[Extracted data entries]
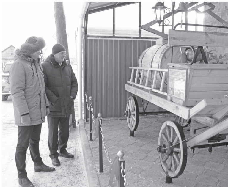
Установлен макет пожарного хода.

Огнеборцы установили символический памятник из истории пожарной службы
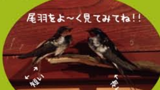
尾羽の短い方がメス、長い方がオスだよ。

ツバメ ぼくらは人が生活してるところにしか巣を作らないよ。大事な子どもたちを守ってもらえるからね。だけどそれでもカラスやヘビなんかにかまれることもあるから油断はできないんだ。あとスズメ!ぼくらと同じような場所に巣を作るから、先に目をつけられると厄介なんだ。せっかく作った巣を壊しに来たりするし、場所選びに毎年苦労してる。ぼくらのウンチがたくさん落ちるからって嫌がる人たちも多いけど、ぼくらが巣を作るってことはそれだけよく人が出入りしてるってことだし、にぎやかでいいと思わない?それにぼくらは稲の害虫も食べるからたんぼにとっても役に立ってるはず。ぼくらが巣を作る家は栄えるとか、田の神様をしょって来るとか、幸せを運んでくる鳥だって昔から言われてるんだよ。
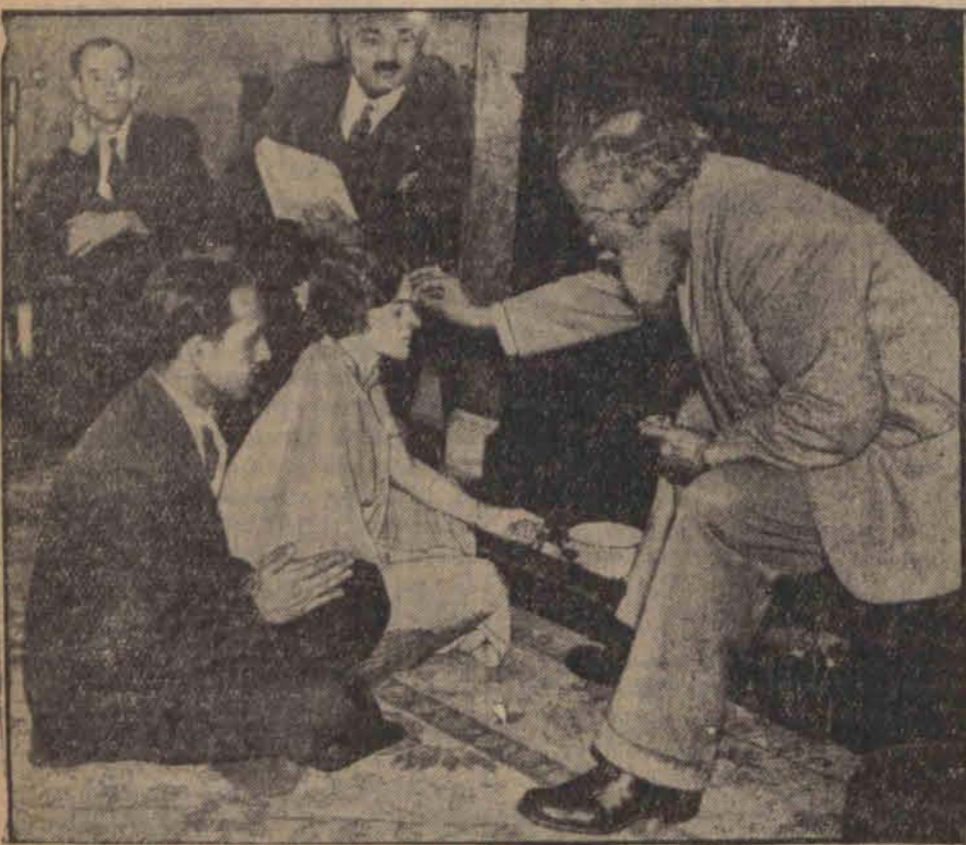
W Anglii wydarzył się rzadki wypadek przyjęcia bramanizmu przez młodą arystokratkę, zaręczoną z hinduskim milionerem. Na ilustracji widzimy kaptana hinduskiego, malującego czerwony znak kasty na czole panny młodej.
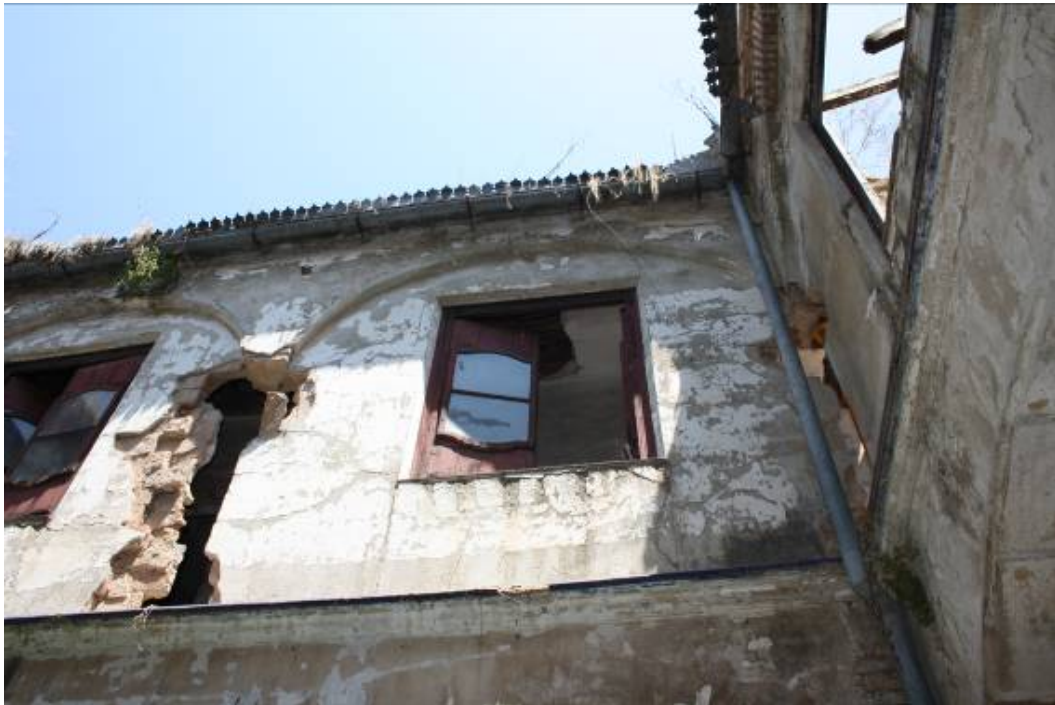
Detalle de Sustracción de pilastras del patio interior
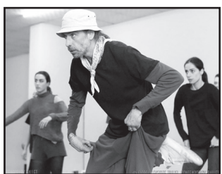
მოამზადა კეკა ირემაშვილმა

ილიკო სუხიშვილმა დასს პირველი რეპეტიცია ჩაუტარა და საინტერესო სადადგმო პროცესი დაიწყო.
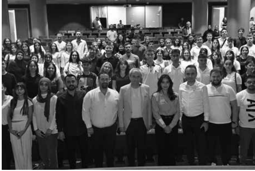
Antalya'daki en büyük spor okulumuz biliyorsunuz Kepez'de. Spor okulunda 6 binin üzerinde, 12 branşta çocuk ve

Kepez'de yapılacak projelere değişen Başkan Kocagöz, öğrenciler için geçici barınma evi, yine öğrenciler için lokantalar, çamaşırhaneler, ortak buluşma alanları(OBA) yapacaklarını, internet, sosyal yardım ve burs desteği sağlayacaklarını sözlerine ekledi. Bir öğrencinin daha fazla spor alanları isteği üzerine; "Kepez Turgut Özal Spor Salonu'nun yapımında katkılarım oldu. Şu anda Gençlik Spor İl Müdürlüğü ile ortak projeye 3 spor salonu açıyoruz. Daha büyük bir spor salonu içinde çalışmalarımız devam ediyor.
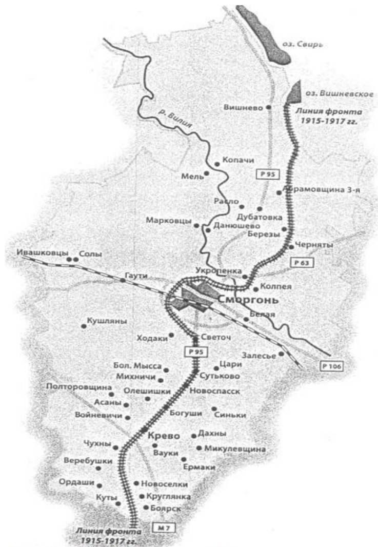
Лінія фронта на пачатку аперацыі

Уводзіны. Першая сусветная вайна была часам грандыезных перамен як у гісторыі ўсяго чалавецтва, так і ў беларусаў. У жніўне 1915 года на беларускіх землях распачаліся ваенныя дзеянні паміж расійскімі і германскімі войскамі. Нягледзячы на тое, што Свянцянскі прарыв, здзейснены кайзераўскімі войскамі, часткова быў ліквідаваны, усе ж значная частка заходніх беларускіх земляў аказалася пад германскай акупацыяй. Менавіта яшчэ тады, падчас завяршаючай стадыі самага буйнага прарыву Першай сусветнай вайны, у эпіцэнтры бязлітасных, упартых баёў апынуліся прыфрантавыя беларускія мястэчкі Крэва і Смаргонь. Пасля Палескай аперацыі ў кастрычніку 1915 года фронт стабілізаваўся на мяжы Дзвінск – Паставы – Смаргонь – Крэва – Баранавічы – Пінск. У выніку, больш чым два з паловай гады на дадзенай мяжы мела месца пазіцыйная вайна, у час якой акрамя Нарачанскай і Баранавіцкай аперацый на беларускіх землях была праведзена яшчэ і Крэўская ваенная аперацыя, якую з 6 па 9 (19–22) ліпеня 1917 года ажыццявіла 10-я расійская армія пад камандаваннем генерал-лейтэнанта М.М. Кісялеўскага і начальніка штаба генерал-маера А.Ф. Дабрышына [1, с.794].
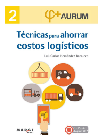
Técnicas para ahorrar costos logísticos. Aurum 2
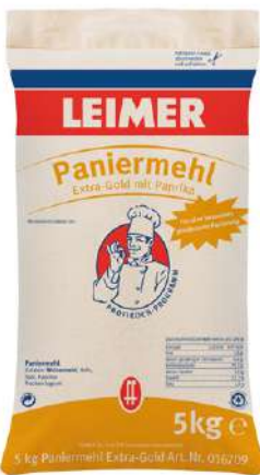
1479 PANIERMEHL EXTRA-GOLD 5 kg/Sack
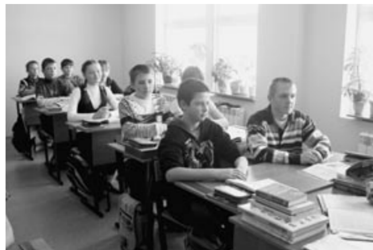
Начало занятий в новом классе.
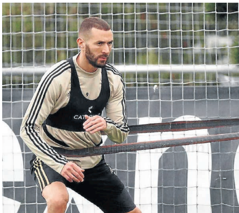
Karim Benzema, realizando un ejercicio en Valdebebas.

El atacante africano recalará en el Olympique de Lyon a cambio de 11,5 millones de euros, más otros cuatro millones por diferentes incentivos. El equipo francés estaba obligado a hacerse con los servicios de Ekambi en el caso de obtener la clasificación europea pero, a pesar de que la liga francesa no se va a reanudar, el Lyon ha decidido fichar igualmente al futbolista por las condiciones pactadas anteriormente.
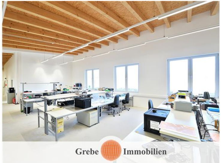
Produktionsbereich Bild 7
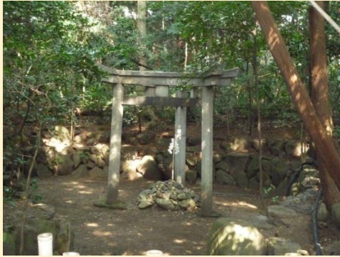
木島神社御柱鳥居
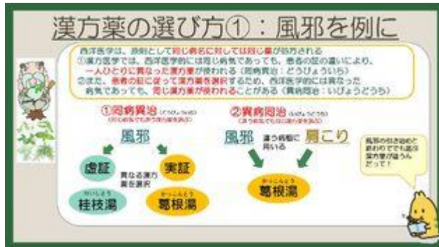
「はじめての漢方 E-learning」より(1)
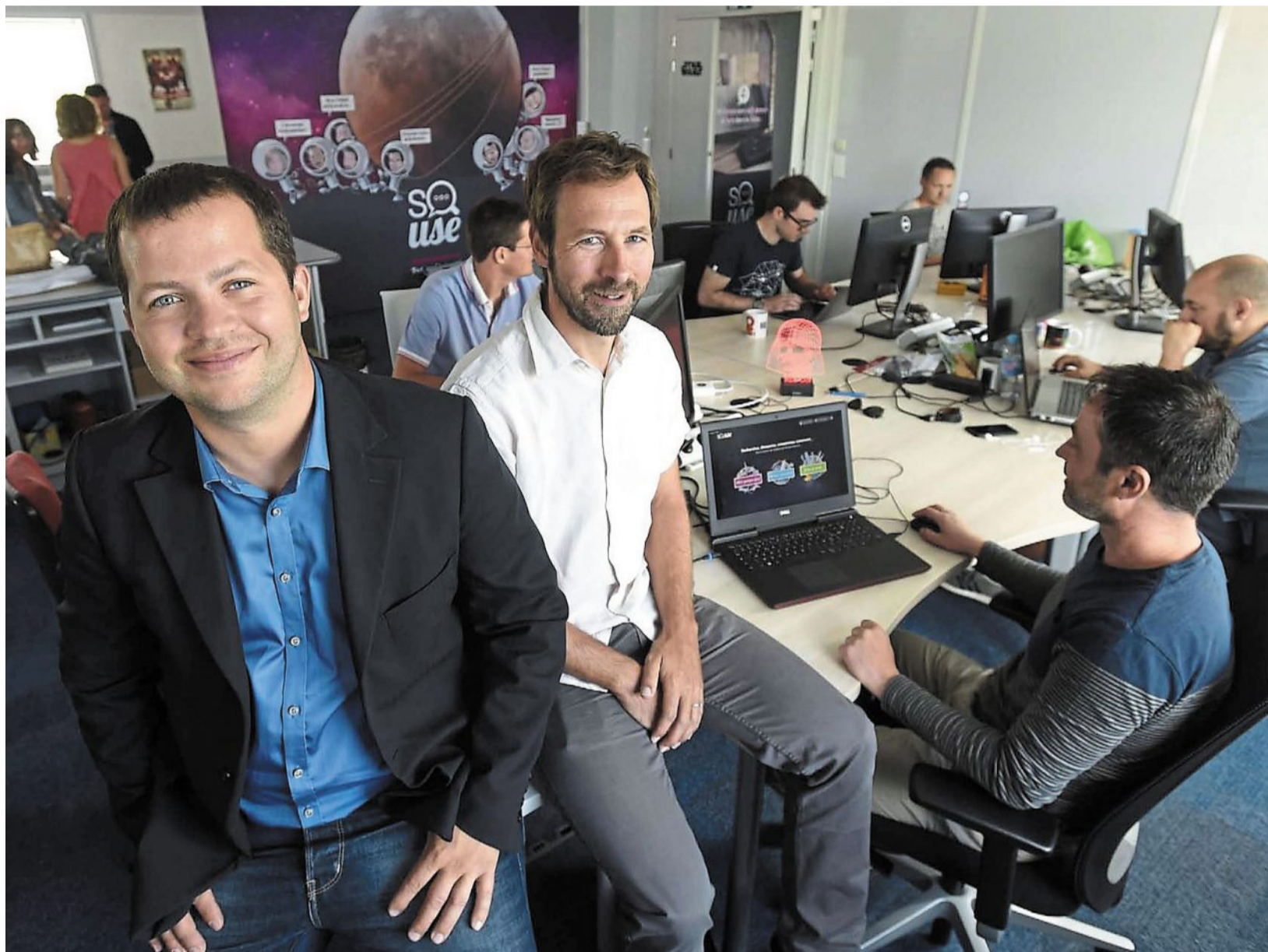
Une partie de l'équipe SoUse s'est envolée samedi pour assister au CES qui se déroule de demain à vendredi à Las Vegas.

L'équipe décide alors de refonder l'interface du site. Auparavant, l'utilisa-
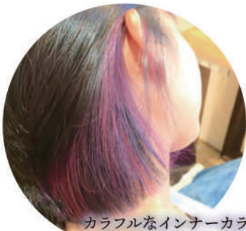
カラフルなインナーカラー！ 1色ではなく、2~3色を いれるのがオススメ♪
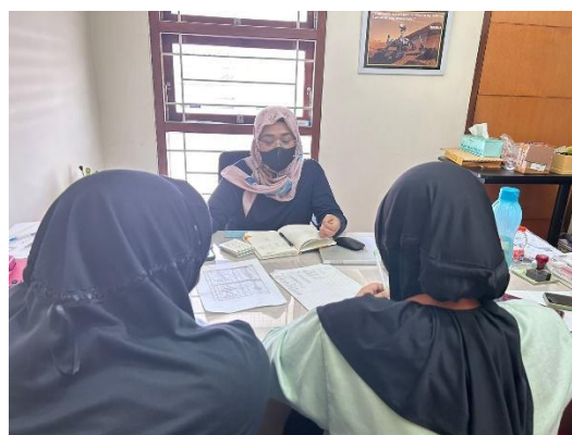
Gambar 4: Kegiatan Pendampingan Perhitungan Harga Pokok Produksi UMKM Pawon 35
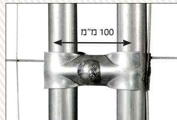
מידות הרשת: ("עין"): 250 מ"מ על 50 מ"מ
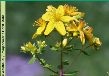
Echtes Johanniskraut, Gewöhnliches Johanniskraut ( Hypericum perforatum )
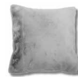
Bella 100614 50 x 50 cm silber
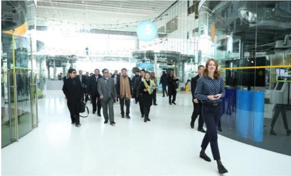
เยี่ยมชมภายในอาคาร
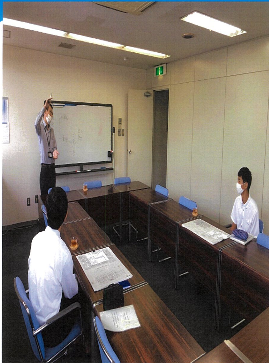
工事説明の前に、今後どう働いていくか、キャリアプランを考える機会が訪れた。
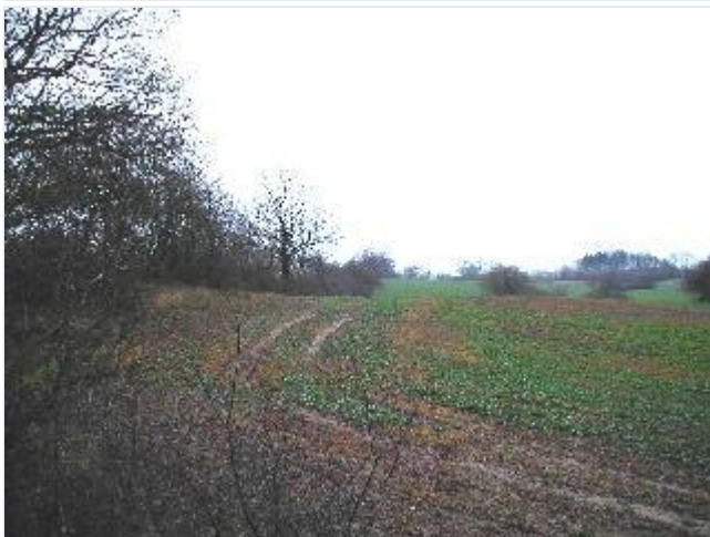
Foto: 16. Landsbyejerlavets grænsedige mod øst med gammel bevoksning, fra nord Stort billede
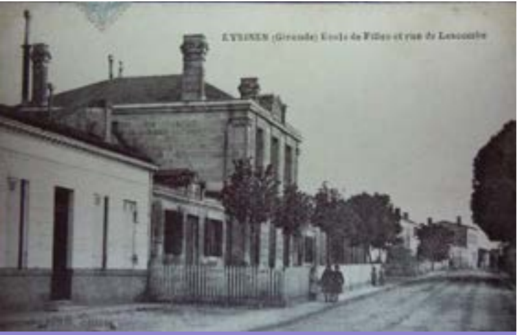
École de filles et rue de Lescombe, carte postale ancienne, (Ville d'Eysines)

Vers 1870, il existe, à Eysines, une école publique de filles dans des locaux loués par la commune. Cette école étant trop petite, dès 1875, des projets d'achat de terrains sont envisagés. Au cours de l'année 1881, la construction de l'école des filles et de la maternelle (mixte) est réalisée. Au centre, une maison sur deux niveaux abrite les logements des directrices de l'école maternelle et de l'école des filles. Dans les deux ailes en retour sur un niveau, sont installées d'un côté deux salles pour l'école maternelle et de l'autre côté deux salles pour l'école des filles, une clôture sépare la cour pour chaque école. Ces écoles ont accueilli des générations de petites Eysinaises jusqu'en 1953. Actuellement, l'école est occupée par la maison des associations et diverses salles municipales y ont été ajoutées.
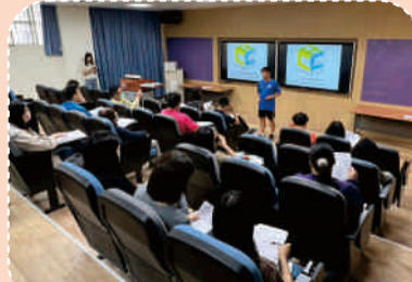
112.5輔導室宣導兒童權利公約
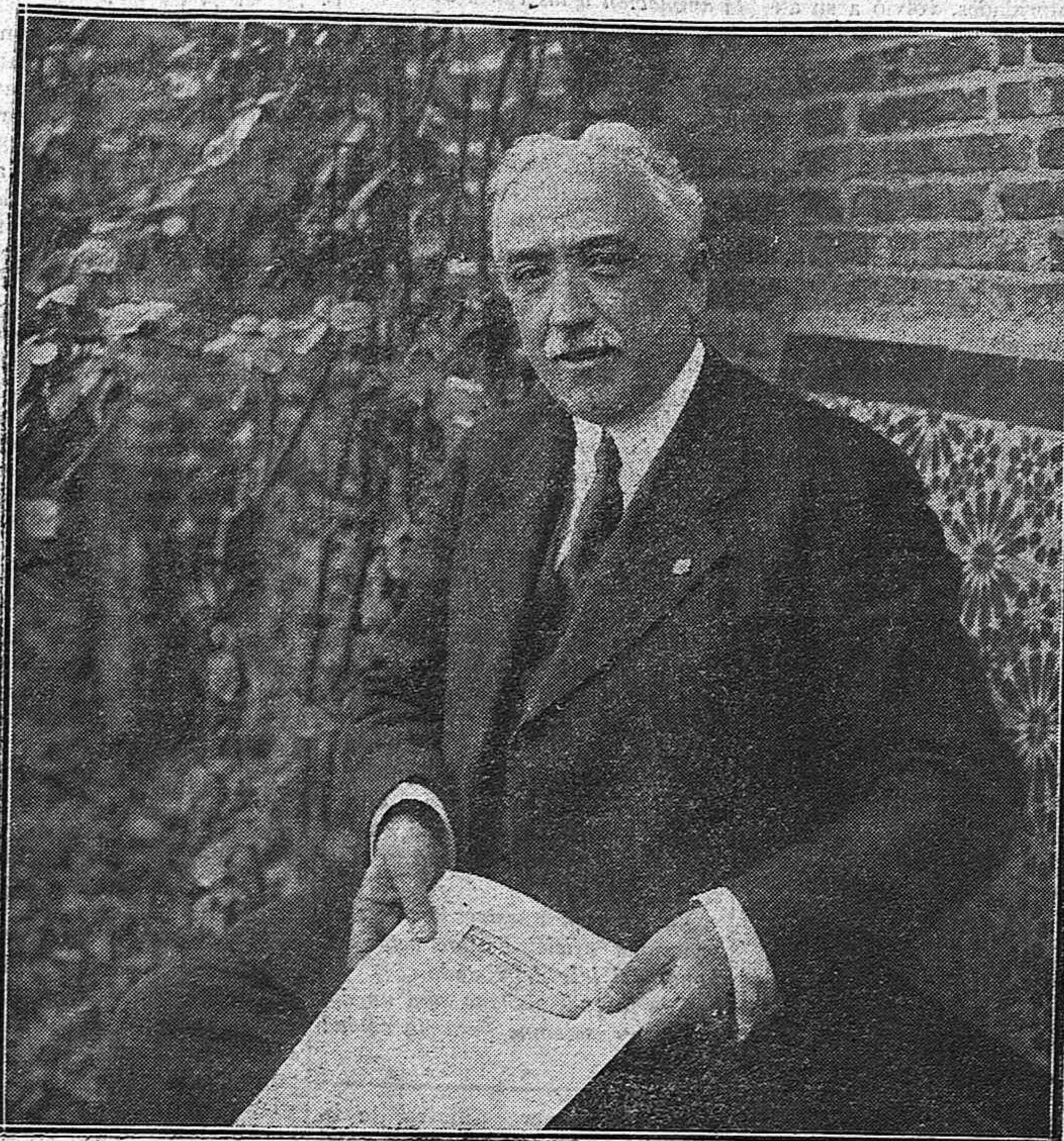
Su Excelencia el Presidente de la República española don Niceto Alcalá Zamora, la más alta representación del Estado, que llegará mañana a Palencia.
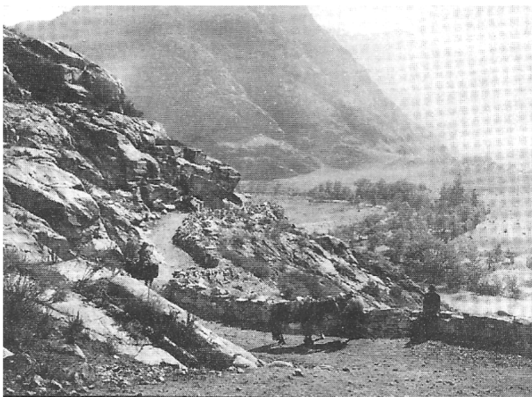
Старый Чуйский тракт. Фото начала XX века.
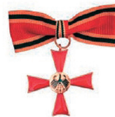
Das Verdienstkreuz am Bande (Damenausführung)

ドイツの勲章制度は1951年に再開され、現行制度は1966年から運用されている。功労十字小綬章は、最初に受けることのできる勲章のうち上位のもので、原則として40歳以上の者を対象とする。
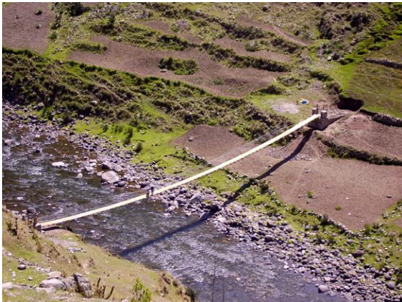
Foto del Puente Terminada

ONG : Puentes para la Prosperidad, Ayuda en Acción

[WHAT NEEDS TO BE DONE]: In the records above, find the line with "カラフルなインナーカラー！ 1色ではなく、2~3色を いれるのがオススメ♪" and the line with "Das Verdienstkreuz am Bande (Damenausführung)", then restate word for word only those two lines and all lines between, omitting pictures.

[WRITTEN SOLUTION]:
カラフルなインナーカラー！ 1色ではなく、2~3色を いれるのがオススメ♪
Gambar 4: Kegiatan Pendampingan Perhitungan Harga Pokok Produksi UMKM Pawon 35
מידות הרשת: ("עין"): 250 מ"מ על 50 מ"מ
Echtes Johanniskraut, Gewöhnliches Johanniskraut ( Hypericum perforatum )
Bella 100614 50 x 50 cm silber
เยี่ยมชมภายในอาคาร
工事説明の前に、今後どう働いていくか、キャリアプランを考える機会が訪れた。
Foto: 16. Landsbyejerlavets grænsedige mod øst med gammel bevoksning, fra nord Stort billede
École de filles et rue de Lescombe, carte postale ancienne, (Ville d'Eysines)

Vers 1870, il existe, à Eysines, une école publique de filles dans des locaux loués par la commune. Cette école étant trop petite, dès 1875, des projets d'achat de terrains sont envisagés. Au cours de l'année 1881, la construction de l'école des filles et de la maternelle (mixte) est réalisée. Au centre, une maison sur deux niveaux abrite les logements des directrices de l'école maternelle et de l'école des filles. Dans les deux ailes en retour sur un niveau, sont installées d'un côté deux salles pour l'école maternelle et de l'autre côté deux salles pour l'école des filles, une clôture sépare la cour pour chaque école. Ces écoles ont accueilli des générations de petites Eysinaises jusqu'en 1953. Actuellement, l'école est occupée par la maison des associations et diverses salles municipales y ont été ajoutées.
112.5輔導室宣導兒童權利公約
Su Excelencia el Presidente de la República española don Niceto Alcalá Zamora, la más alta representación del Estado, que llegará mañana a Palencia.
Старый Чуйский тракт. Фото начала XX века.
Das Verdienstkreuz am Bande (Damenausführung)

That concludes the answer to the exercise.